BlockReader.newBlockReader函式實現如下:

 

public static BlockReader newBlockReader( Socket sock, String file,

                                   long blockId,

                                   long genStamp,

                                   long startOffset, long len,

                                   int bufferSize, boolean verifyChecksum,

                                   String clientName)
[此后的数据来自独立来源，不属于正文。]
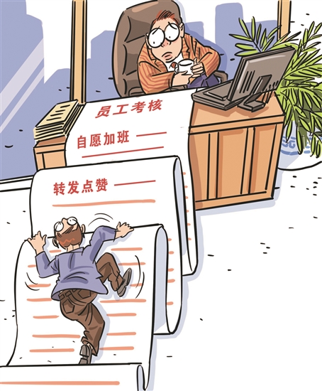据《法治日报》12月26日报道,年终岁末,个别企业的奇葩年终考核内容令员工敢怒不敢言。比如,有的企业考核中有加班次数和加班时长的选项,导致员工不得不“自愿”加班:有的企业考核项目为员工点赞企业微信公众号文章的数量;还有企业在员工下班后设置阅读、运动等任务……

                                   throws IOException {

  //使用Socket建立寫入流,向DataNode傳送讀指令

  DataOutputStream out = new DataOutputStream(

    new BufferedOutputStream(NetUtils.getOutputStream(sock,HdfsConstants.WRITE_TIMEOUT)));

  out.writeShort( DataTransferProtocol.DATA_TRANSFER_VERSION );

  out.write( DataTransferProtocol.OP_READ_BLOCK );

  out.writeLong( blockId );

  out.writeLong( genStamp );

  out.writeLong( startOffset );

  out.writeLong( len );

  Text.writeString(out, clientName);

  out.flush();

  //使用Socket建立讀入流,用於從DataNode讀取資料

  DataInputStream in = new DataInputStream(

      new BufferedInputStream(NetUtils.getInputStream(sock),

                              bufferSize));

  DataChecksum checksum = DataChecksum.newDataChecksum( in );

  long firstChunkOffset = in.readLong();

  //生成一個reader,主要包含讀入流,用於讀取資料

  return new BlockReader( file, blockId, in, checksum, verifyChecksum,

                          startOffset, firstChunkOffset, sock );

}

BlockReader的readAll函式就是用上面生成的DataInputStream讀取資料。

2.2、DataNode

在DataNode啟動的時候,會呼叫函式startDataNode,其中與資料讀取有關的邏輯如下:

 

void startDataNode(Configuration conf,

                   AbstractList dataDirs

                   ) throws IOException {

  ……

  // 建立一個ServerSocket,並生成一個DataXceiverServer來監控客戶端的連結

  ServerSocket ss = (socketWriteTimeout > 0) ?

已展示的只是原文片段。